Keras layers without using matrix multiplications.

This is a Keras based implementation of some layers mentioned in the papers The Era of 1-bit LLMs: All Large Language Models are in 1.58 Bits and Scalable MatMul-free Language Modeling. Find the documentation here.

Rationale

Traditional, matrix multiplication based layers suffer from a few issues.

  1. They have high inference and computational costs due to the use of matrix multiplications. This hinders the speed at which inference is performed on GPU-less machines.
  2. The memory use for storing full precision weights is very high.
  3. The energy costs of running matrix multiplications is very high.

Matrix multiplication free layers addresses these pain points by removing the key source of costs — matrix multiplications.

Installation

Requirements

Keras-MML has a few requirements, namely

Instructions on how to install Keras can be found here.

Installation Instructions

Only the installation via nightly versions and via GitHub are supported for now.

PyPi

If you use pip, you can install Keras-MML using the command

pip install keras-matmulless
Pre-Release Versions

To install pre-release versions, use the command

pip install --pre keras-matmulless
Nightly Versions

Nightly releases for Keras-MML are primarily found on the TestPyPi page. To install them, use the command

pip install -i https://test.pypi.org/simple/ keras-matmulless

GitHub

First, clone the repository using

git clone https://github.com/PhotonicGluon/Keras-MatMulLess.git
cd Keras-MatMulLess

We recommend to create a virtual environment to install Poetry and the other dependencies into.

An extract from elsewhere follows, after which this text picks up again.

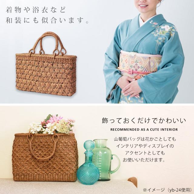 | 商品説明 | 天然山葡萄の蔓(つる)のバッグかごです。山に自生する山葡萄の蔓を贅沢に使用し、熟練の職人さんが手作りで編み上げています。 天然素材の丈夫で美しい一生もののバッグです。 使えば使うほど艶が出て美しく変化していく山葡萄かごバッグは「育てる」バッグです。 必要なものがしっかり収まる程よいサイズ感。自然素材の可愛いシルエットで、マチも十分にあるので普段使いに大活躍のファッションアイテムです。 季節を問わず通年使え、着物にもカジュアルにも似合います。 付属の内布は柿渋染めです。天然素材ならではの温かみのある色合いで、防腐、防虫効果に優れています。柿渋染めは使い込むほどに深みのある色へ変化していきます。 やさしい風合いが山葡萄バックに相性がよろしいです。 お手元に届きましたら、毎日、バッグを手で撫でてあげてください。 山葡萄の皮は油分を吸収する特徴がある為、撫でてあげると手の油を吸収し、ゆっくりとアメ色に変化し光沢が増していきます。 時間とともに自分色に染まるようで、とても愛着が沸きます。変化の時間もお楽しみいただけます。 これを「山葡萄バッグを育てていく」と言いますが、同じバッグでも育て具合で色合いに差が出てくるので世界で一つしかないバッグになります。 <山葡萄バッグができるまで> ・蔓の採取 山葡萄の蔓から取った皮を使い、熟練の職人が丹精込めてひとつひとつ作っています。 人里離れた標高1,000m以上の山奥で昔から寒冷地に自生する植物です。 蔓と言っても太さ10cm以上にもなります。 その蔓を剥ぎ取り乾燥させて、かごバッグの材料となるようサイズを整えていきます。 ・編む 職人が作った木型に合わせて、バッグの底部から編んでいきます。 網目が均等にするには指先の力が強くないと綺麗に仕上げることができません。 最後に細かい毛羽を丁寧に取り除き、かごバッグのできあがりです。 ・技術 丁寧に編み上げられた山葡萄かご編みは、熟練の職人が何日もかけて作り上げていくので大量生産ができず稀少性が高いです。 その為、市場に出回る数も限られています。 ・内布を取り付け ナチュラルでおしゃれな柿渋染めの内布が付いています。天然の柿渋原液を使用し染め上げています。 優しい風合いが山葡萄バックに相性がよろしいです。 内布は縫い付けて固定されていますので、安定した収納ができバッグの中身も安心です。 ・柿渋染めの理由 柿渋には防虫、防カビ、防腐、防臭、消臭などの効果があります。 山葡萄の蔓は正常にご使用、保管していただけば、カビが生えることはありませんが、湿気が多いところで保管すると表面にカビが発生する場合があります。 それを予防目的も兼ねてコストを掛けてでも、山葡萄バッグに柿渋染めの内布を取り付けています。 <山葡萄かごバッグの選び方> 初めて憧れの山葡萄バッグを持つ方は、定番の「網代編み」がとても人気です。 2個目、3個目を購入する方は「六角花編み」や「サイズ違い」をお選びいただく場合が多いです。 山葡萄チャームやお財布もございます。 職人が丁寧に編み上げた籠バッグは世代を超え永く愛することができます。 年月を重ねるほど深みを増す色合いと艶を楽しめる山葡萄シリーズは、母の日や誕生日プレゼントなどの贈り物としても大変喜ばれる逸品です。 長年、時間を共にしたバッグはなんとも言えない艶に輝き、しなやかさも合わせ持ち、手放せないものになる一生ものです。 編み方がおしゃれな山葡萄バッグは花かごとしてもインテリアやディスプレイのアクセントとしてもお使いいただけます。 自然素材をお楽しみください 天然素材を使用し、すべて手編みで手作り品の為、サイズ・重量ともに若干の個体差が生じます。 自然素材特有のささくれ、割れ、色ムラが生じる場合がございます。 ささくれや色ムラ等は、使い込むうちに自然と馴染み、風合いよくなめらかになっていきます。 天然素材を使用している為、予めご理解、ご了承いただき自然の風合いをお楽しみいただければ幸甚です。 |

python -m venv venv  # If `python` doesn't work, try `python3`

Activate the virtual environment using

source venv/bin/activate

or, if you are on Windows,

venv/Scripts/activate

Now we install Poetry.

pip install poetry

Finally, install the development dependencies.

poetry install --with dev

If you have not installed a backend (i.e., Tensorflow, PyTorch, or Jax) you can do so here.

poetry install --with dev,BACKEND_NAME

Note that the BACKEND_NAME to be specified here is

  • tensorflow for the Tensorflow backend;
  • torch for the PyTorch backend; and
  • jax for the Jax backend.

That's it! You should now have access to the keras_mml package.

Installation Issues

These are some of the known issues faced when installing Keras-MML.

Development Installation With torch Backend

This is a known issue when installing Keras-MML with dev and torch on AArch64 (i.e., ARM64) systems.

Attempting to install the torch backend using

poetry install --with torch

fails with a message like Unable to find installation candidates for torch (2.2.2+cpu). To remedy, run

pip install torch~=2.2.2 torchvision~=0.17.2 torchaudio~=2.2.2

Quickstart

Read the tutorial.

Using Dev Containers

CPU Dev Container

If you already have VS Code and Docker installed, you can click the badge above or here to get started. Clicking these links will cause VS Code to automatically install the Dev Containers extension if needed, clone the source code into a container volume, and spin up a dev container for use.

CUDA

Keras-MML offers a cuda dev container for working with CUDA.

[!IMPORTANT]
Edit the Dockerfile file to set up the architecture properly. By default it is using amd64. So, if you are on a arm64 system, uncomment the appropriate lines in the file!

License

Keras-MML is licensed under the Apache 2.0 license.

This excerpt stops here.